Catholic Social Teaching Serves an Important Countercultural Function But Also Has Some Weaknesses
For a complete text of Dr. Cahill's speech, see "Good News and Bad".
In the struggle to ensure healthcare for the uninsured, Catholic social teaching lends strength to the mission in a number of ways, most notably by serving a prophetic, countercultural function, said Lisa Sowle Cahill, PhD, professor of theology at Boston College. "Catholic healthcare brings to the table, even in a 'public' conversation, the many voiceless and too often faceless victims of the status quo, whom it is easy to exclude and even forget because, on their own, they do not have the power to get through the door."
On the other hand, she said, the Catholic social tradition also has some weaknesses in relation to healthcare, including:
- The tendency "to advance broad ideals while downplaying the fact that realizing them in practice may involve conflict and compromise."
- An inclination to approach social justice and change in a hierarchical manner, rather than adopting a grassroots orientation in which advocacy for the rights of the disadvantaged is led by the disadvantaged themselves.

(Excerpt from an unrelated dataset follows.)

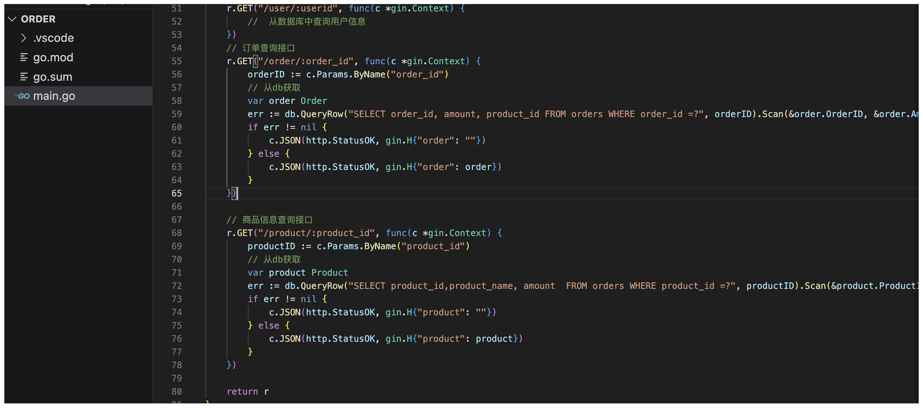 后面是order_handler.go文件中的获取订单逻辑,可以看到现在是从dal层获取订单信息和商品信息。

- A decidedly Western European bias that can prevent us "from authentically hearing and appropriating the faith experiences, moral values, and social needs of persons in other cultures." For example, the call for "universal access," while admirable, obscures the fact that, because of America's history of slavery and its continuing racism, black people and white people often have different healthcare needs.
While laudatory of CHA's efforts, Cahill cautioned that the achievement of accessible and affordable healthcare "goes against the grain of American individualism and of the market, and that Americans may be far from prepared to accept this vision, even as an ideal." She also warned that reform efforts will require "negotiation and cutbacks, reallocation of funds, and curtailment of benefits that some have come to expect or already take for granted."